How does pgBouncer help to speed up Django
Besides saving the overhead of connect & disconnect where this is otherwise done on each request, a connection pooler can funnel a large number of client connections down to a small number of actual database connections. In PostgreSQL, the optimal number of active database connections is usually somewhere around ((2 * core_count) + effective_spindle_count). Above this number, both throughput and latency get worse. NOTE: Recent versions have improved concurrency, so in 2022 I would recommend something more like ((4 * core_count) + effective_spindle_count).
Sometimes people will say "I want to support 2000 users, with fast response time." It is pretty much guaranteed that if you try to do that with 2000 actual database connections, performance will be horrible. If you have a machine with four quad-core processors and the active data set is fully cached, you will see much better performance for those 2000 users by funneling the requests through about 35 database connections.

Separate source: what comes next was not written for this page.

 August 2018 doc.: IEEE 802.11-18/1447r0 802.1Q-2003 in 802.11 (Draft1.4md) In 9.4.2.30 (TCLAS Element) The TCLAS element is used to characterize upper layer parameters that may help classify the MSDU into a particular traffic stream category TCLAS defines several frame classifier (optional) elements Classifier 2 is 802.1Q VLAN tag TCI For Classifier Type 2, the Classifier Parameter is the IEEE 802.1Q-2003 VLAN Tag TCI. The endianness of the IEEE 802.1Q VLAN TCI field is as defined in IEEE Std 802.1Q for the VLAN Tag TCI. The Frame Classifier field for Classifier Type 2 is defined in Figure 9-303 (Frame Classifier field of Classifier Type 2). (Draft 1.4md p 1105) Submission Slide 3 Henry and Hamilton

To understand why that is true, this thought experiment should help. Consider a hypothetical database server machine with only one resource to share -- a single core. This core will time-slice equally among all concurrent requests with no overhead. Let's say 100 requests all come in at the same moment, each of which needs one second of CPU time. The core works on all of them, time-slicing among them until they all finish 100 seconds later. Now consider what happens if you put a connection pool in front which will accept 100 client connections but make only one request at a time to the database server, putting any requests which arrive while the connection is busy into a queue. Now when 100 requests arrive at the same time, one client gets a response in 1 second; another gets a response in 2 seconds, and the last client gets a response in 100 seconds. Nobody had to wait longer to get a response, throughput is the same, but the average latency is 50.5 seconds rather than 100 seconds.

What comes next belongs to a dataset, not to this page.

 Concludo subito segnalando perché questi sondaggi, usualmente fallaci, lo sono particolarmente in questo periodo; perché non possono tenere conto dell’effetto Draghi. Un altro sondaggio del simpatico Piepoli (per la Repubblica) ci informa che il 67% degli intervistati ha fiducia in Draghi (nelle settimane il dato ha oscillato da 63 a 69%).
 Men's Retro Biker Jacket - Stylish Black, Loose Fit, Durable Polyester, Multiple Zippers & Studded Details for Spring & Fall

A real database server has more resources which can be used in parallel, but the same principle holds, once they are saturated, you only hurt things by adding more concurrent database requests. It is actually worse than the example, because with more tasks you have more task switches, increased contention for locks and cache, L2 and L3 cache line contention, and many other issues which cut into both throughput and latency. On top of that, while a high work_mem
setting can help a query in a number of ways, that setting is the limit per plan node for each connection, so with a large number of connections you need to leave this very small to avoid flushing cache or even leading to swapping, which leads to slower plans or such things as hash tables spilling to disk.
Some database products effectively build a connection pool into the server, but the PostgreSQL community has taken the position that since the best connection pooling is done closer to the client software, they will leave it to the users to manage this. Most poolers will have some way to limit the database connections to a hard number, while allowing more concurrent client requests than that, queuing them as necessary. This is what you want, and it should be done on a transactional basis, not per statement or connection.
PgBouncer reduces the latency in establishing connections by serving as a proxy which maintains a connection pool. This may help speed up your application if you're opening many short-lived connections to Postgres. If you only have a small number of connections, you won't see much of a win.